W1. Critical consistency issue...
Response: Thanks for the comment. We agree that a thorough explanation of how to enforce the total derivative constraints in practice would be a valuable addition. However, we’d like to remind the reviewer that our work is a theoretical paper. It’s about:
- A unified framework for a family of empirically strong high-order FM models (as cited and discussed in our main text) and,
- Under this framework, establishing nearly‑optimal statistical rates of these models assuming Eqn (3.3),
which Theorem 3.1 shows is both necessary and sufficient for a ‑times–differentiable flow, as it guarantees the equivalence between flows and -order velocity fields.

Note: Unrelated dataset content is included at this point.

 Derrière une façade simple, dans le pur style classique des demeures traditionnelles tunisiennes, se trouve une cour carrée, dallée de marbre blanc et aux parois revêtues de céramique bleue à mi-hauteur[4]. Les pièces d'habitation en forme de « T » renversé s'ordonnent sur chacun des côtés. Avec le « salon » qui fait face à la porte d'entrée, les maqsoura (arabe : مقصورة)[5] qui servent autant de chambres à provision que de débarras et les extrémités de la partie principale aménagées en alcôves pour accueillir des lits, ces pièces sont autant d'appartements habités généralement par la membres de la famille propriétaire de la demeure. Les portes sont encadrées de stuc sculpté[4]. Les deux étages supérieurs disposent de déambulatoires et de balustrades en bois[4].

Because the paper proposes no new training algorithm or model, we do not prescribe a particular enforcement mechanism. Nevertheless, here we sketch existing practice:
- Soft penalties (e.g. HOMO, Chen et al. 2025) add a regularization loss term to enforce chain-rule consistency between the predicted velocity and acceleration.
- Shared‑network differentiation (e.g. similar to Consistency Flow Matching [2]) enforces Eq. 3.3 exactly by automatic differentiation.

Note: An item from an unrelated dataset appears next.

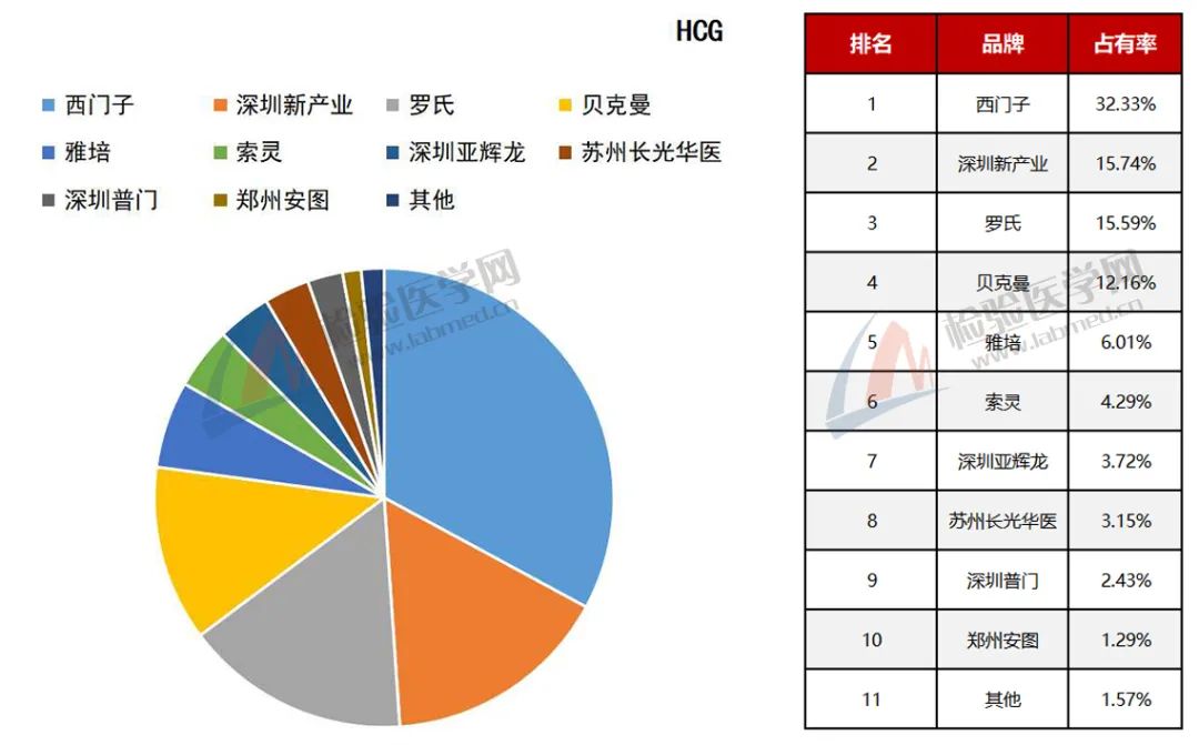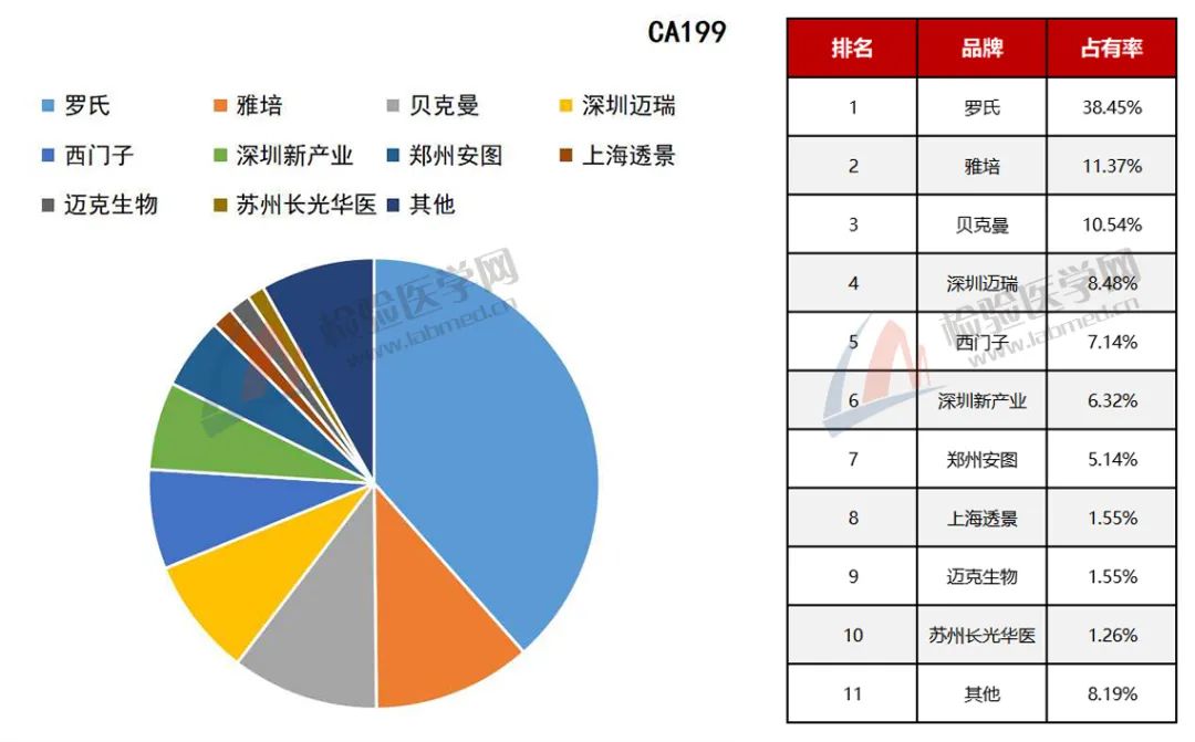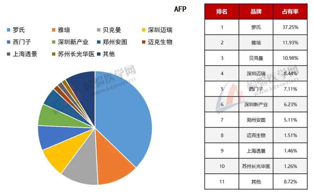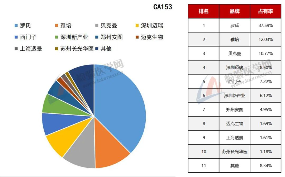 肿瘤标志物是机体适应肿瘤的生长而产生的或肿瘤组织自身所产生的蛋白,可在血液、尿液或者组织标本中检测到。某些肿瘤标志物有特异性,而其他的标志物可在不同类型的癌症中出现。许多已知的肿瘤标志物也可见于未患肿瘤个体中。无庸置疑,肿瘤标志物本身对癌症而言都是非诊断性的。 以下表格统计包含国内3000多家各等级医院检验科及独立医学实验室的检验、仪器试剂使用情况,以下数据截至2021年11月1日。

Our theory formally identifies why such mechanisms are needed and quantifies what happens if Eq. 3.3 fails (we will add a new Remark 4.2 to strengthen this). Given the length and density of the current submission, we believe detailing engineering choices is therefore outside this paper’s scope, but our results provide the rigorous foundation on which future practical work can build.
[1] arXiv:2502.00688, 2025.
[2] arXiv:2407.02398, 2024.
W2. Flawed assumptions...
Response: Thank you for your careful review and for identifying this critical typo in Assumption 4.1. We apologize for the confusion caused. You are correct that the lower bound creates a mathematical inconsistency. This was a typo. The lower bound is not required for our analysis. We have corrected this typo in the latest revision.
W3. Lack of empirical validation...
Response: Thank you for your valuable feedback. We appreciate your suggestion to include empirical validation.
In response to this invaluable suggestion, we have conducted new experiments on synthetic data that directly address this point (Please see our response to W1 of reviewer hems. We found that the second-order method consistently outperforms the first-order method across three different synthetic distributions. For example, our results show that the second-order method can achieve the performance of a first-order method in significantly fewer steps, empirically validating our theoretical discussions on improved sampling efficiency.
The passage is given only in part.